DESCRIPTION OF SYMBOLS 1 Injector 2 Low energy beam transport system 10 Synchrotron 11 Bending electromagnet 12 Quadrupole electromagnet 13 High frequency acceleration cavity 14 Incident inflector 15 Extraction deflector 20 High energy beam transport system 21 Bending electromagnet 22 Quadrupole electromagnet 23 Quadrupole electromagnet power supply 24 Steering Electromagnet 25 Control device 30 Irradiation field forming device 40 Patient 41 Affected part 50 Measuring part 51 Bending electromagnet 52 Quadrupole electromagnet 53 Quadrupole electromagnet power supply 60 Rotating gantry 62 Quadrupole electromagnet 63 Quadrupole electromagnet power supply 70 Cyclotron

Claims (15)

A particle beam therapy system,
An accelerator that accelerates and extracts charged particle beams;
A beam transport system having a plurality of quadrupole electromagnets for adjusting the shape of the charged particle beam, and transporting the charged particle beam extracted from the accelerator to an irradiation target;
With respect to the charged particle beam in the beam transport system, perpendicular to the traveling direction of the charged particle beam, along the radial direction of the deflecting electromagnet of the accelerator or the plane direction including the orbiting beam or central orbit of the accelerator The plurality of first dispersions defined in the first direction, which is the first direction, derived from the accelerator, become zero or substantially zero at the position of the irradiation target. A control device for controlling the amount of excitation of each of the quadrupole electromagnets;
A particle beam therapy system comprising:
The particle beam therapy system according to claim 1,
In the control device, the beam size at the irradiation target position and the rate of change thereof are predetermined values, and two kinds of first dispersions derived from the accelerator are zero or zero at the irradiation target position. A particle beam therapy system characterized in that the amount of excitation of each of the plurality of quadrupole electromagnets in the beam transport system is controlled to be substantially zero.

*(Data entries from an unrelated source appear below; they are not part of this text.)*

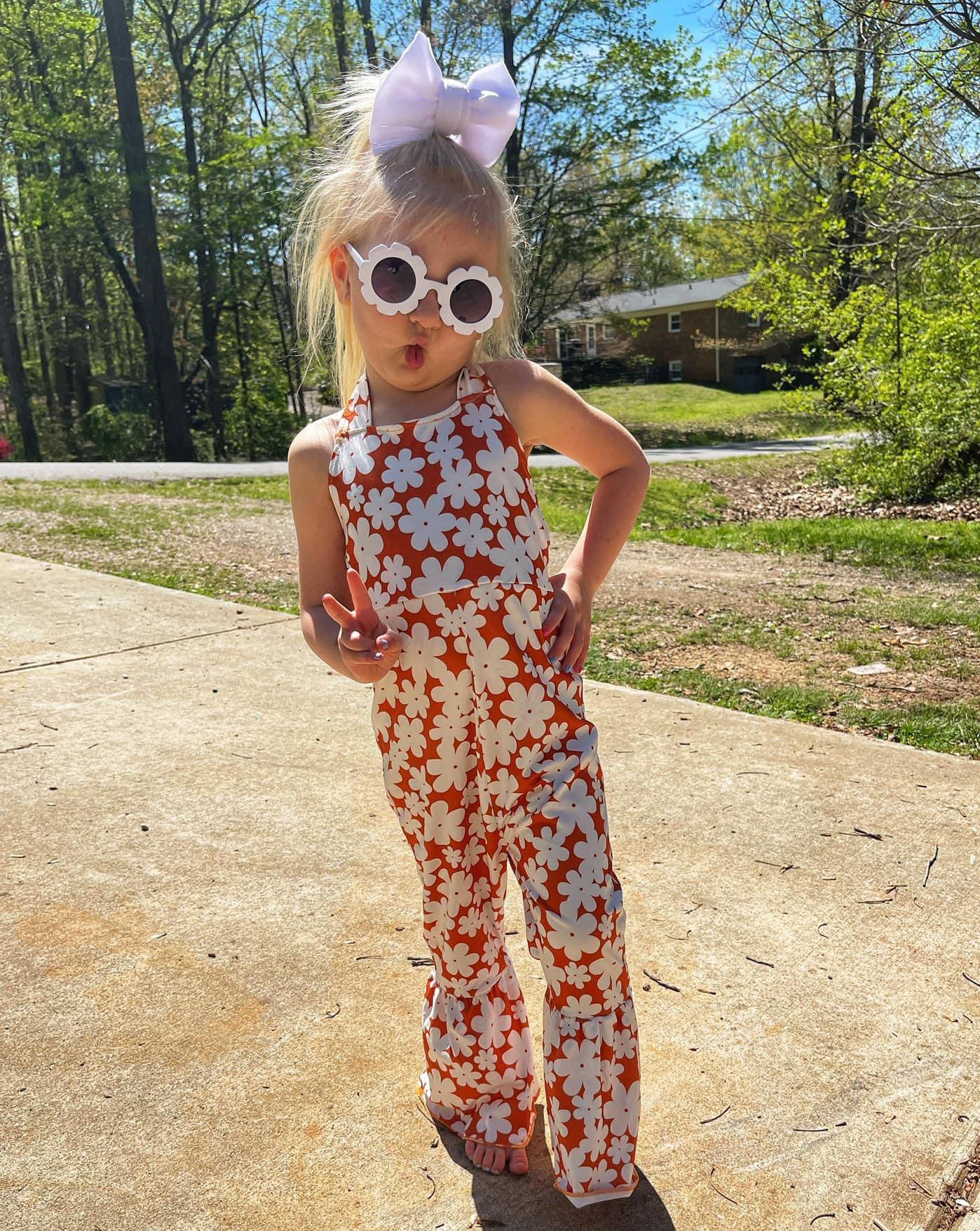 She'll shine like the sun in this cute and comfy summer jumpsuit! Made from soft milk silk, and brightened up with daisy and a sunny orange hue, this halter style jumpsuit promises to keep her stylish despite the heat. Summer is a breeze with this beauty!
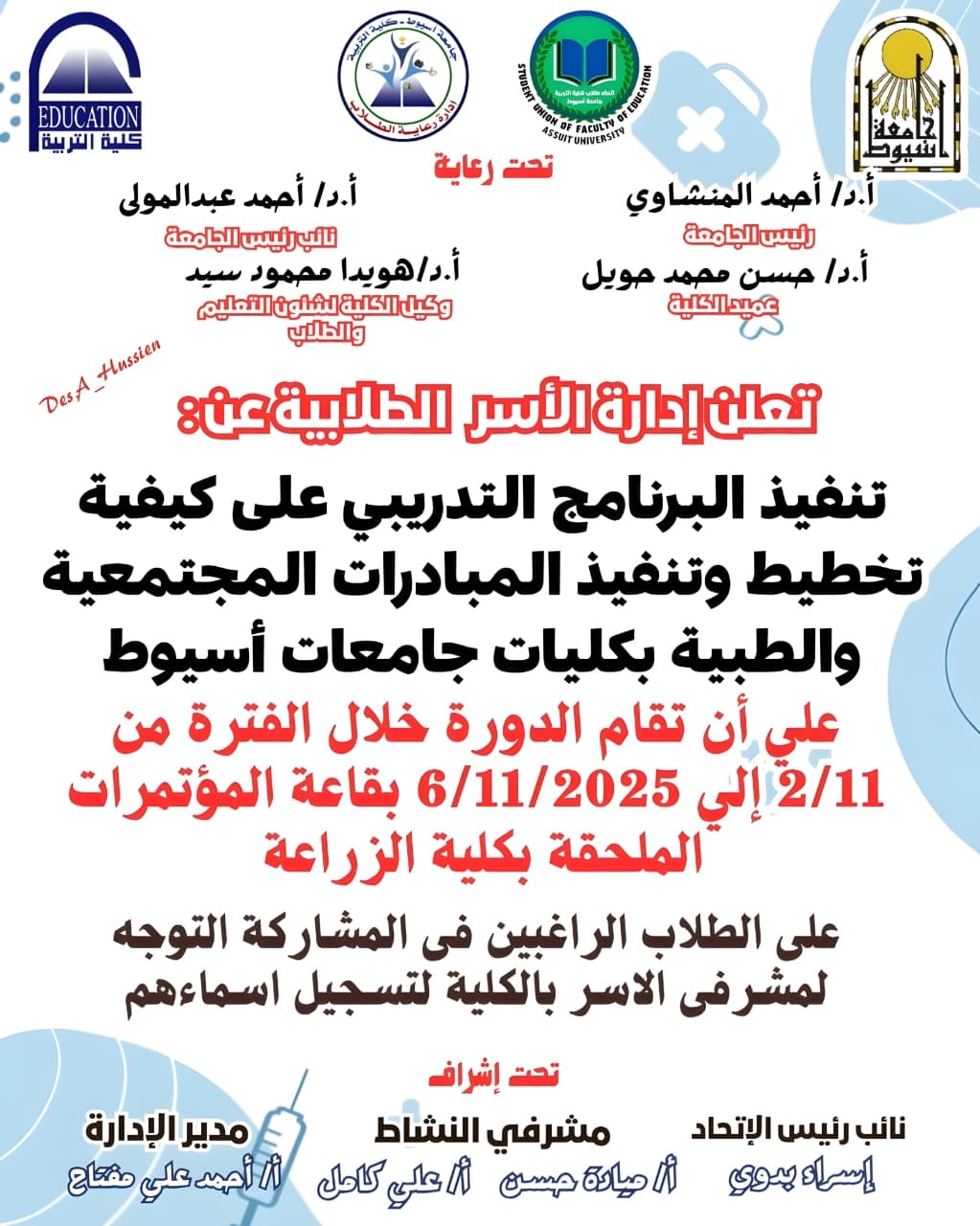 تعلن الإدارة العامة للنشاط الأسر عن تنفيذ البرنامج التدريبي على كيفية تخطيط و تنفيذ المبادرات المجتمعية والطبية بكليات جامعة أسيوط على ان تقام الدورة خلال الفترة يوم الأحد ٢ نوفمبر ٢٠٢٥ حتى يوم الخميس ٦ نوفمبر ٢٠٢٥ بقاعة المؤتمرات الملحقة بكلية زراعة.
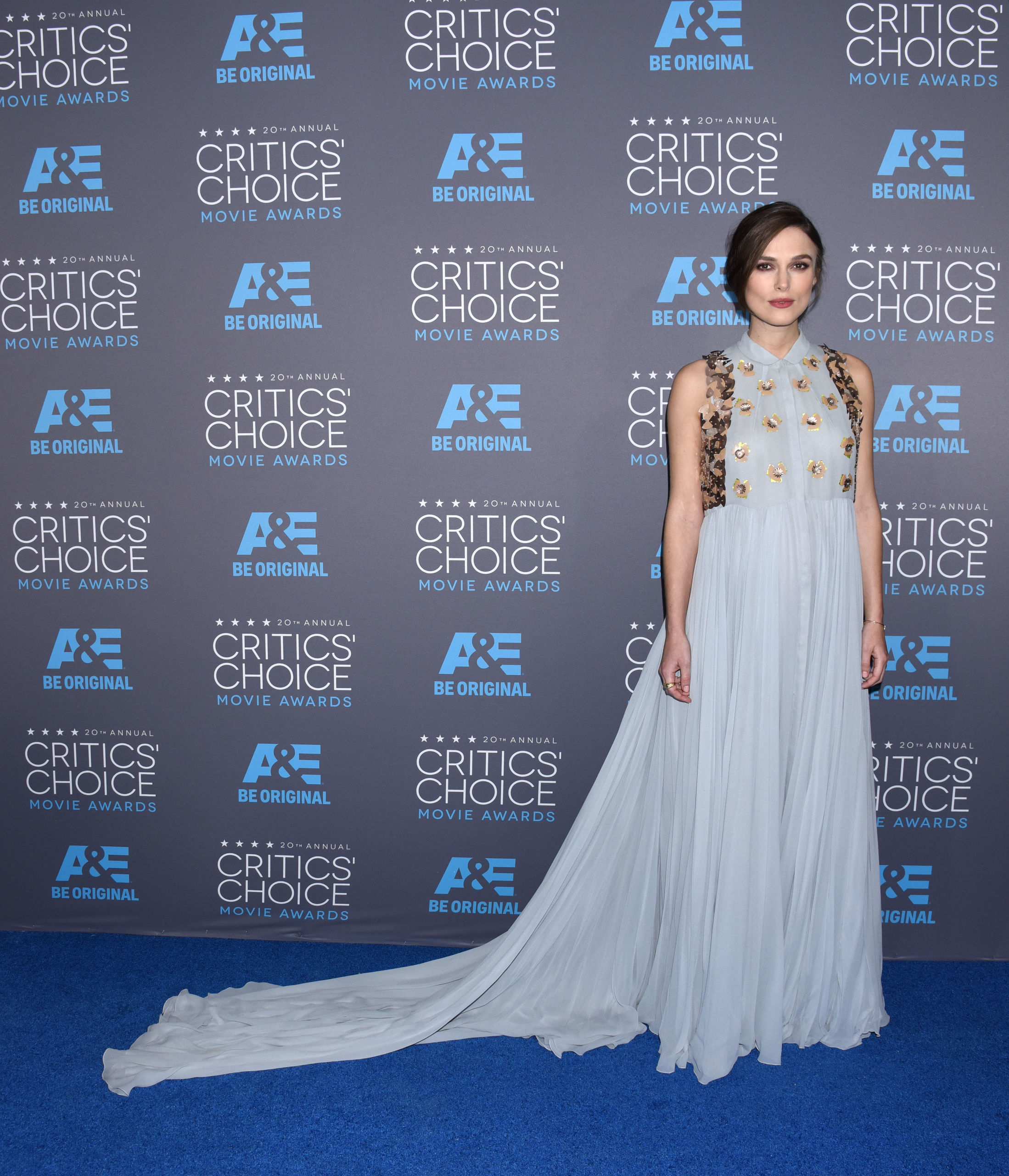 Antes de Melania, muchas actrices lucieron Delpozo en Estados Unidos. En 2015, Keira Knightley escogió este vestido en seda y gasa pastel, con detalles joya bordados en el pecho, para asistir a los Critics Choice Awards de ese año.
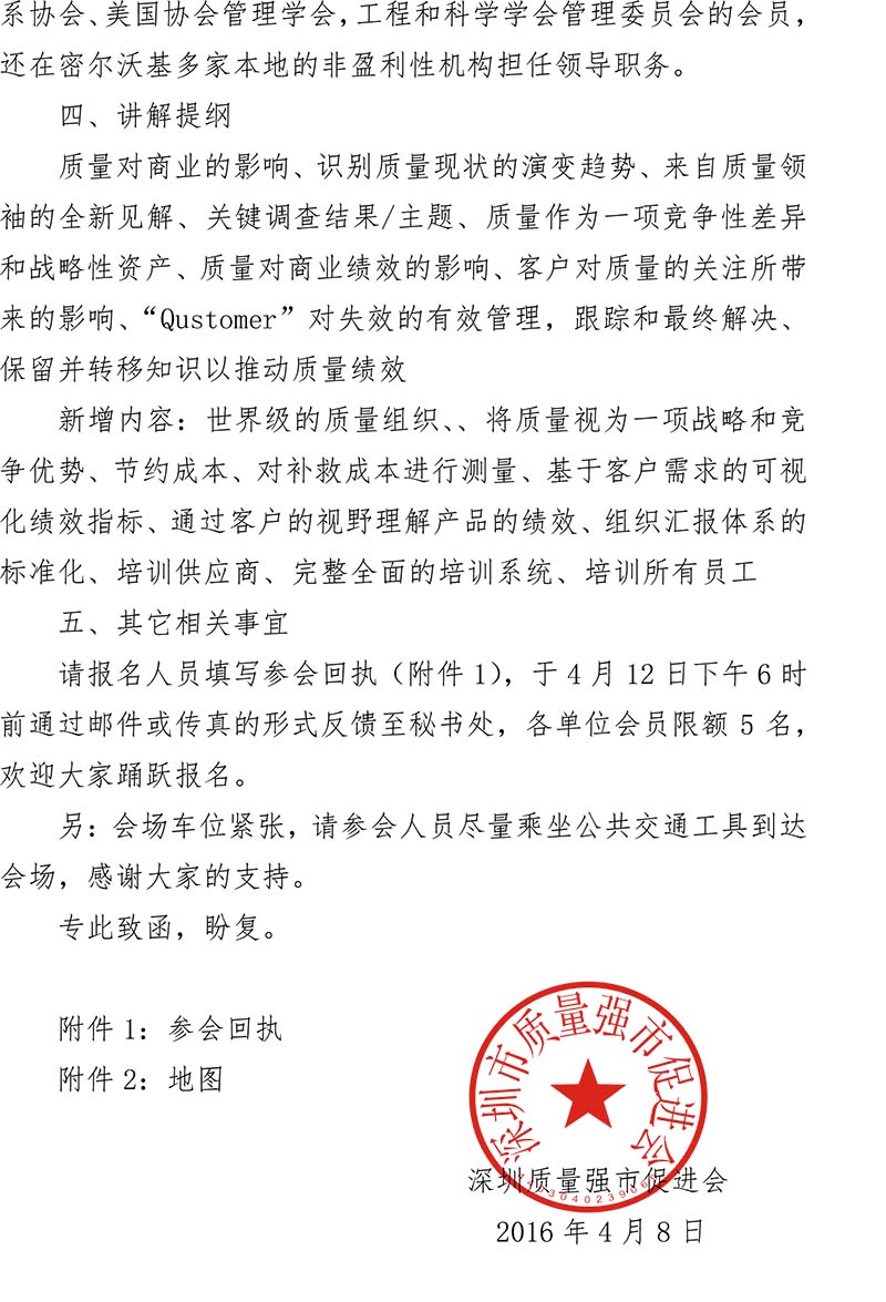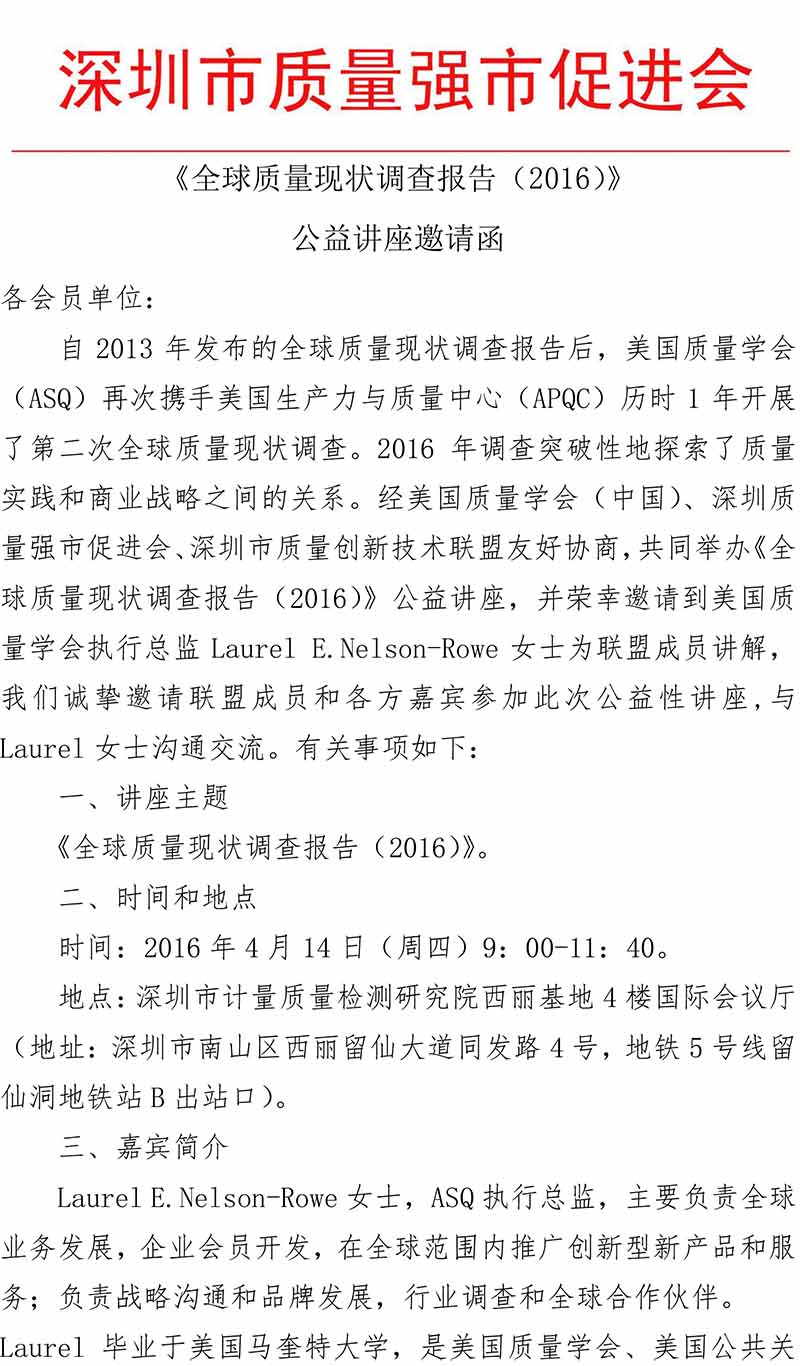《全球质量现状调查报告(2016)》 公益讲座邀请函
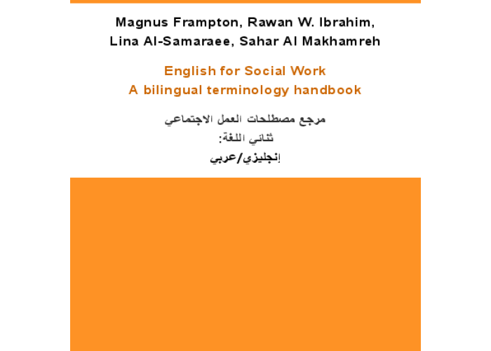 هذا القاموس من الإنجليزية إلى العربية هو محاولة شاملة لترجمة جميع المصطلحات المستخدمة، في كثير من الأحيان، في العمل الاجتماعي من الإنجليزية إلى اللغة العربية. يسعى هذا الكتاب الإلكتروني إلى معالجة التأثير المتزايد لمهنة العمل الاجتماعي في العديد من البلدان والمناطق. ومن الواضح أن الانضباط في منتصف فترة كبيرة من التدويل وبالنسبة لتلك البلدان في الجنوب العالمي، حيث العمل الاجتماعي لا يزال مهنة الوليدة، يوفر هذا التدويل فرصًا مهنية. يهدف هذا الكتاب الإلكتروني إلى أن يكون له دور في إضفاء الطابع المهني على العمل الاجتماعي في البلدان العربية من خلال توفير الأفراد الناطقين بالعربية إمكانية الوصول إلى المصطلحات الإنجليزية والممارسات الدولية في مجال العمل الاجتماعي. إن العمل الاجتماعي الذي تم وصفه ومناقشته في هذا الكتاب يتماشى بشدة مع الممارسة البريطانية، ولكن هناك إيماءة لاستخدام لغة العمل الاجتماعي الدولي في الفصول التالية. اللغة الإنجليزية المختارة بريطانية إلى حد كبير، وتستكمل هنا بالمصطلحات الدولية للفصول الأحدث. ينقسم الكتاب إلى ستة أجزاء: مجالات الممارسة، والطرق، ومفاهيم النظريات والسياق، والعمل الاجتماعي الدولي، واللغة الإنجليزية في مكان العمل للرعاية الاجتماعية، والمدرسة والجامعة. لا يحتوي كل جزء فقط على الترجمات ذات الصلة للمصطلحات والعبارات الرئيسية ولكن أيضًا النصوص التمهيدية التي تستخدم فيها هذه المصطلحات. توفر هذه النصوص سياقًا مكتوبًا لاستخدام هذه المصطلحات. تم تقديم هذا العمل كمحاولة مبدئية ومبدئية لالتقاط استخدام اللغة في منطقتين ، واحدة من هذه المجموعة هي مجموعة هائلة ومتباينة من البلدان. على هذا النحو من المسلم به أنه قد يكون هناك إغفال أو أخطاء صغيرة ، كما هو الحال مع أي طبعة أولى.
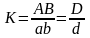 При проекционном способе фотопечати масштаб позитива, как правило, крупнее масштаба негатива. При этом коэффициент увеличения К равен отношению длин линий на позитиве AB и негативе ab негативе или же отношению расстояний от объектива до позитива к расстоянию от объектива до негатива:
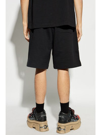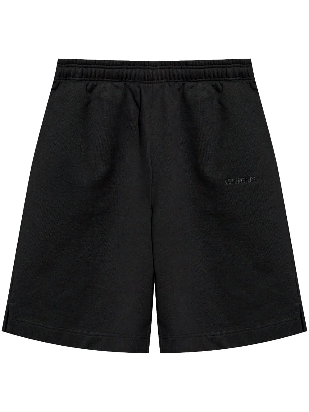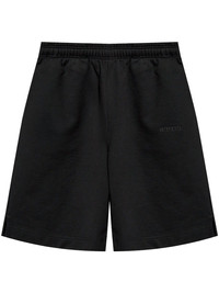 logo-embroidered track shorts Highlights - Black - Cotton - Jersey texture - Elasticated waistband - Mid-rise - Two side slit pockets - Embroidered logo at the leg - Knee-length Imported Composition Cotton 100%
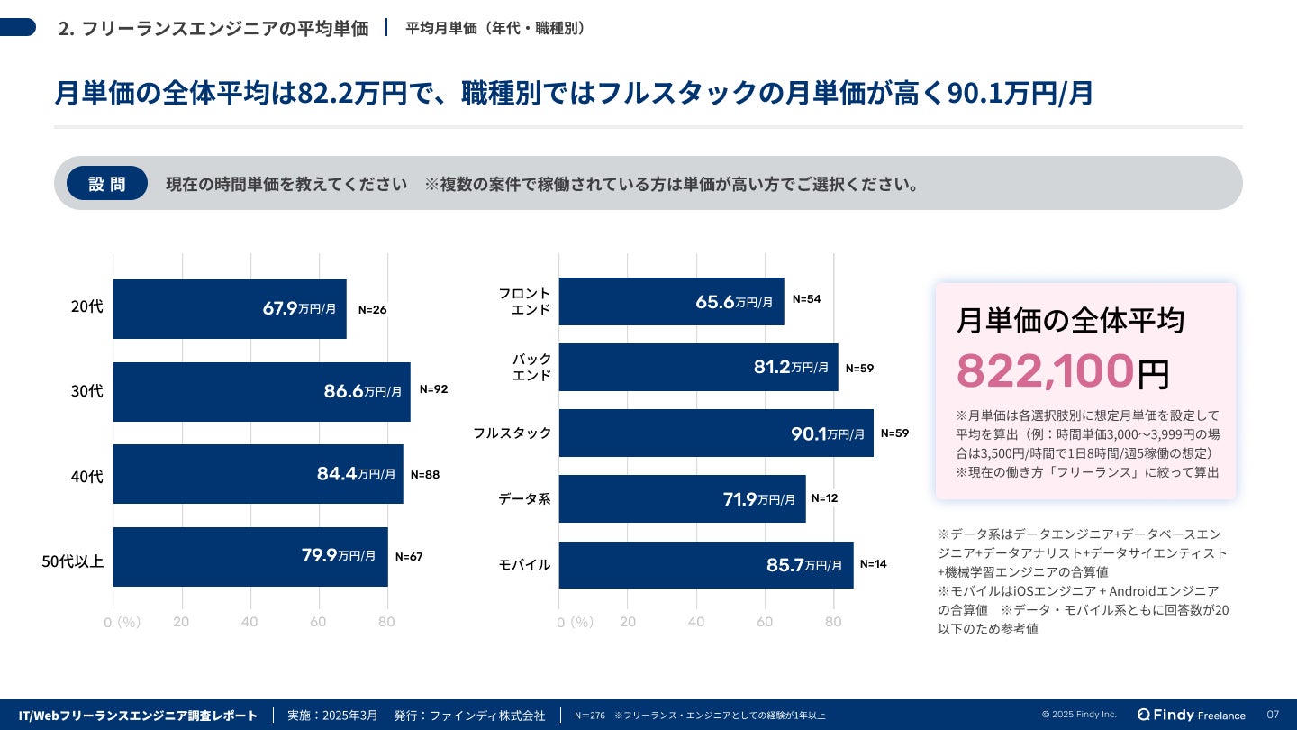 ・フリーランスエンジニアの平均月単価は82.2万円。職種別ではフルスタックエンジニアが月単価が90.1万円と最も高い結果に。
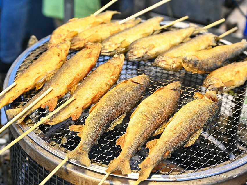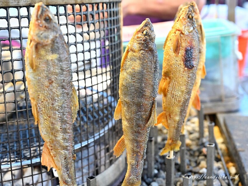 糖糖買的是母香魚,採用碳火下去現烤,不過糖糖看旁邊的炸爐旁也有放香魚,應該是先炸後烤,老闆說整隻香魚都是可以吃的,裡頭的刺已經烤得很酥很酥,吃的時候不必再挑刺
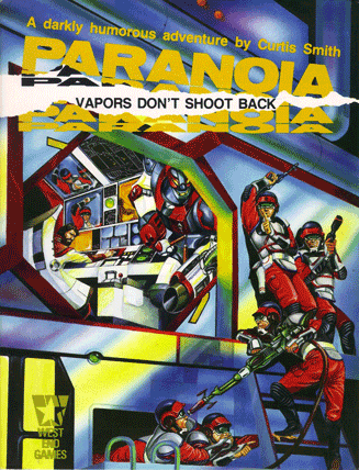 - Vapors Don’t Shoot Back: The first full-length PARANOIA mission (1985), written by Curtis Smith (with Geoff Valley), sends the Troubleshooters into a covert contest between rival High Programmers.
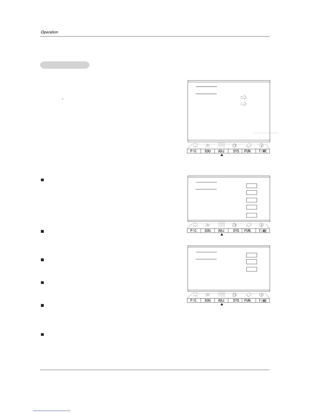 4. Press VOL+/-for desired adjust parameter option until a satisfactory

The particle beam therapy system according to claim 1,
The particle radiation therapy system characterized in that the two kinds of first dispersions are a dispersion derived from an acceleration frequency (ηfx1) and a dispersion derived from a deflection magnetic field (ηBx1).
The particle beam therapy system according to claim 3,
The control device is configured to determine an excitation amount of each of the plurality of quadrupole electromagnets from a model created from the equipment arrangement of the beam transport system, a Twiss parameter of a beam extracted from the accelerator, and the acceleration frequency in the first direction. A particle beam therapy system characterized by calculating from a dispersion (ηfx0) and its gradient (ηfx0 ′), a dispersion (ηBx0) derived from the deflection magnetic field in the first direction and its gradient (ηBx0 ′).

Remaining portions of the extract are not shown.